Casos de HIV aumentam mais de 350% em seis anos no Paraná, diz Sesa

Por RPC Curitiba

O número de novos casos de HIV aumentou 351% de 2010 a 2016, de acordo com dados da Secretaria de Saúde do Estado do Paraná (Sesa). Há seis anos, 672 pacientes foram diagnosticados com o vírus. No último ano, foram 2.361. O dado mais recente é o de julho de 2017, quando 38 pessoas receberam resultado positivo no estado, segundo a Sesa.

A superintendente da Vigilância em Saúde da Sesa, Julia Cordellini, comenta que o assunto precisa ser discutido com frequência. “É preciso que a gente fale sobre elas [infecções sexualmente transmissíveis], que as pessoas entendam a sua responsabilidade sobre o auto-cuidado referente a suas práticas sexuais, independente da sua orientação sexual ou da sua identidade de gênero.”

Ainda de acordo com a superintendente, para diminuir estes índices, os profissionais de saúde devem estar capacitados para ouvir, acolher corretamente e conduzir os pacientes para o diagnóstico e tratamento adequado.

O diagnóstico é feito por testes rápidos, que estão disponíveis em laboratórios, nas Unidades Básicas de Saúde (UBS).
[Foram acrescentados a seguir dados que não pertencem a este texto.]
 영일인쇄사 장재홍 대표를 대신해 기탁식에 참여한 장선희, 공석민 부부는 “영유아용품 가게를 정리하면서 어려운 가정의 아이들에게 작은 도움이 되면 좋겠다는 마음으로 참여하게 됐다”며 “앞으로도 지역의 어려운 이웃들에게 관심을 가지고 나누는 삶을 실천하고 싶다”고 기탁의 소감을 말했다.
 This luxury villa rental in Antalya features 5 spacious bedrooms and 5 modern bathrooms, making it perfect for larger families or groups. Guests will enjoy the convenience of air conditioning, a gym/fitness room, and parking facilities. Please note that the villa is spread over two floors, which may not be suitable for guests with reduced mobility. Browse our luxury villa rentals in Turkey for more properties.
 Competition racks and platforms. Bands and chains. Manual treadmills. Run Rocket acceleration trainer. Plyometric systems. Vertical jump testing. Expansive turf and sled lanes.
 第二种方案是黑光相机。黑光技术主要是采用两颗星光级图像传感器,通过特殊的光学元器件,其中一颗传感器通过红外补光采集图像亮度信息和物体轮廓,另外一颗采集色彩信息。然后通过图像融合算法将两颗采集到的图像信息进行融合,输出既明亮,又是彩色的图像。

Em Curitiba, os exames também são feitos em um trailer, localizado na Praça Osorio, e no Centro de Orientação e Aconselhamento (COA).
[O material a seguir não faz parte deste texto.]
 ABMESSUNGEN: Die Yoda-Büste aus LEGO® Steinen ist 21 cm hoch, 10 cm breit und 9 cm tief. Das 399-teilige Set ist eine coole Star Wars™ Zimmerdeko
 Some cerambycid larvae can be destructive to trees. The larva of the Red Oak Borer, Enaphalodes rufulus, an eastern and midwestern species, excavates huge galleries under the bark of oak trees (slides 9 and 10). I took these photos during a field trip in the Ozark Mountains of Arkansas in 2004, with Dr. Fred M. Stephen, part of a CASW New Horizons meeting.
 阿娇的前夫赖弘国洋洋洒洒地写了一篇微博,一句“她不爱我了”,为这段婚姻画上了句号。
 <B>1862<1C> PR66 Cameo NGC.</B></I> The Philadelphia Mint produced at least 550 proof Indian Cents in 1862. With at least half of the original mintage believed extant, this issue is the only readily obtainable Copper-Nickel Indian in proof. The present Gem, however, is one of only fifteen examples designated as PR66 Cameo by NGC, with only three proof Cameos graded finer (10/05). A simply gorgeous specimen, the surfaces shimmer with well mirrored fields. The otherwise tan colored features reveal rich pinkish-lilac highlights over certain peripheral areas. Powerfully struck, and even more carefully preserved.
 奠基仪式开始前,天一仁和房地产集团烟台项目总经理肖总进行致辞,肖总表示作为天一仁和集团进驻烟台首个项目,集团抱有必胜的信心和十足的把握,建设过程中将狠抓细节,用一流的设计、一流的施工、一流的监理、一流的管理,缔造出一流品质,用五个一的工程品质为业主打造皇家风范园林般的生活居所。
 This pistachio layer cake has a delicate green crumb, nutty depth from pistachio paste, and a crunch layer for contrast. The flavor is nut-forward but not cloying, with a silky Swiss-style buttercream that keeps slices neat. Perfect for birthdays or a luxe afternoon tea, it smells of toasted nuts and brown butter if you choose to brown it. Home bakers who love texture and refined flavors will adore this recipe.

Testes rápidos para identificar o HIV estão disponíveis nas Unidades Básicas de Saúde (UBS) (Foto: Reprodução/RPC)

Juliane Santos, coordenadora do COA, conta que a preocupação ainda é em relação a conscientização sobre o que é uma prática sexual arriscada.
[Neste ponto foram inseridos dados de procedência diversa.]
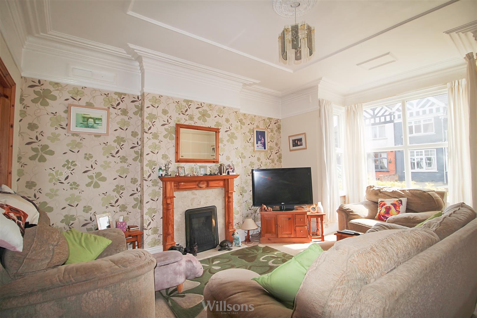 With bay window to the front of property, double frosted glazed and timber doors leading to the dining room, carpeted flooring, wooden surround fireplace with marble effect hearth and gas fire.
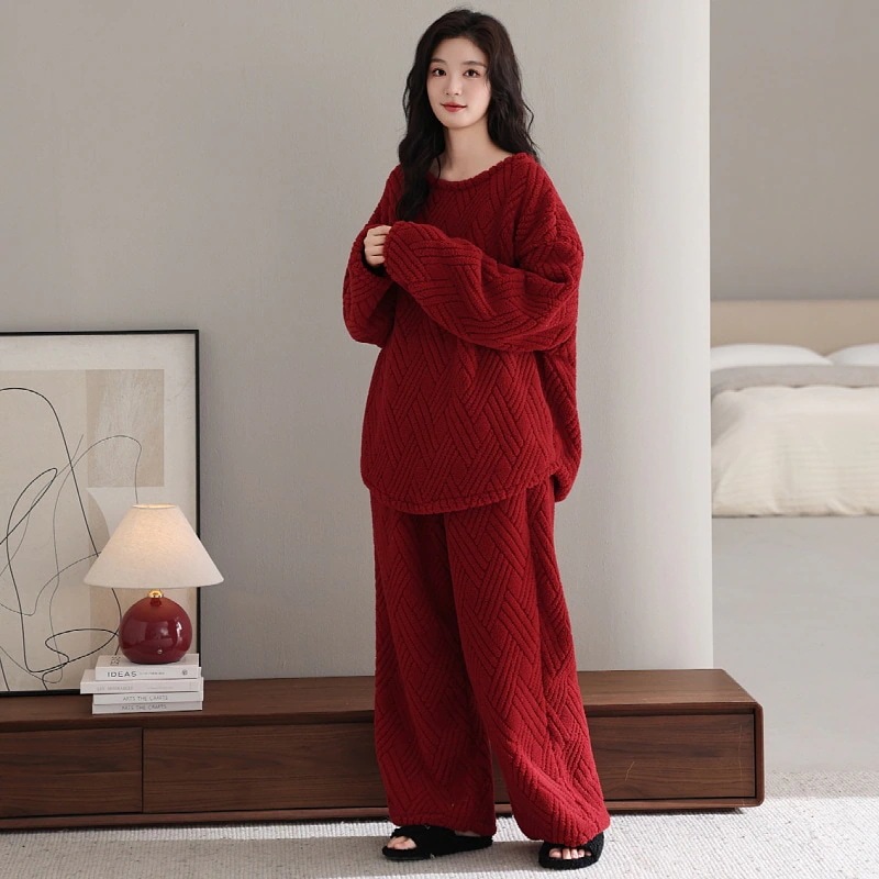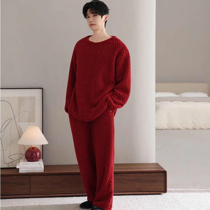 秋冬 パジャマ 上下セット カップル レッド 裏起毛 ルームウェア 厚手 セットアップ カップル レディース/メンズ
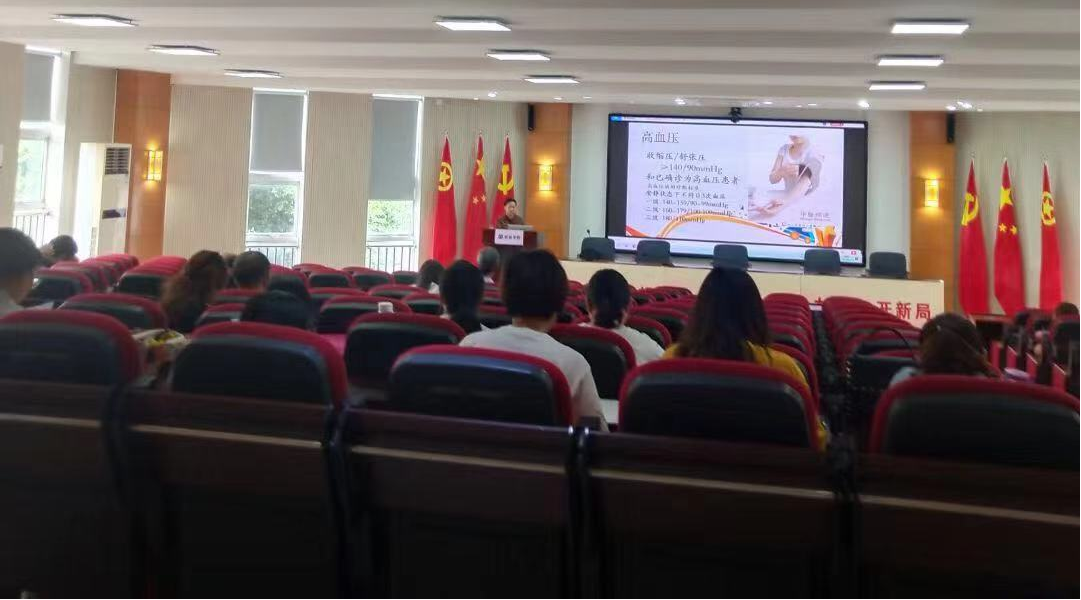 党主任从代谢综合征的概念入手,深入剖析了五高(高血压、高血脂、高血糖、高尿酸、高体重)产生的原因,运用视频、图片等方式为教职工们进行了生动地讲解,用幽默风趣的语言将一个个专业术语解读得通俗易懂,从科学的角度解答了如何在日常生活中做好“五高”预防和控制。讲座之后,还设置了现场咨询环节,党主任耐心地给老师交流答疑。活动中,30余名教师现场测量血压,现场咨询。

“Com o simples fato de eu não usar preservativo, não ter preservativo comigo, e saber que as vezes eu vou sair, eu vou para uma balada, posso conhecer alguém e posso ter uma relação depois com essa pessoa, eu não estou cuidando da minha saúde”, exemplifica a coordenadora.

Douglas Silva convive com o vírus desde que nasceu. Ele contraiu o HIV por transmissão vertical, quando a mãe passa para o filho, e segue o tratamento. Ele destaca que “a maior dificuldade, hoje, de uma pessoa que vive com o HIV, é o preconceito”.

O jovem fala ainda sobre a prevenção. “Se uma pessoa opta por não usar o preservativo, a camisinha, é óbvio, ela está sujeita a entrar em contato com qualquer infecção sexualmente transmissível (…) a gente sabe que o HIV, ele não tem cara”, conta o paciente.

Especialistas ressaltam que o uso de preservativos previne o HIV e outras doenças sexualmente transmissíveis (Foto: Reprodução/RPC)

Tratamento

Para evitar riscos, os pacientes podem retirar gratuitamente no COA um remédio que impede a infecção pelo vírus da AIDS. O medicamento deve ser ingerido até 72 horas depois da relação sexual ou exposição ao virus.

Segundo o Centro, também há outro medicamento, de tratamento contínuo, que previne o vírus do HIV. O remédio deve chegar à rede pública no final do ano e, no momento, está em fase de pesquisas, que pretendem analisar se o uso pode influenciar ou não no comportamento dos pacientes.

Um paciente, de 27 anos, que participa da pesquisa, conta que buscou no medicamento uma forma a mais de se proteger. “Começa a ficar mais próximo de você e você vê que tem que se cuidar”, conta.

Sífilis

Segundo a Sesa, de 2010 a 2016, também houve crescimento no número de novos casos de sífilis: de 29 para 1.869 confirmações.

A médica infectologista Marion Burger explica que, diferentemente da Aids, a Sífilis é causada por uma bactéria. É uma doença que possui tratamento que leva a cura. Os casos devem ser diagnosticados, por meio de exames laboratoriais.

Ainda segundo a especialista, mesmo depois de curado, o paciente pode ser infectado novamente, então, a prevenção deve ser constante.

Os sintomas da sífilis se apresentam em vários estágios, de acordo com a médica. O primeiro estágio acontece normalmente um mês depois da infecção. O paciente apresenta uma ferida, que não dói e que cicatriza, mesmo sem tratamento.

A especialista observa que o segundo estágio da doença pode aparecer seis meses depois da infecção. A reação atinge o corpo todo, incluindo mãos e pés, como uma alergia, que também desaparece em seguida.

“Se não tratar adequadamente neste período, ela [a pessoa infectada] vai manifestar a fase terciária que é gravíssima. São sintomas neurológicos, alterações cardíacas, vasculares e nos ossos”, conta a especialista.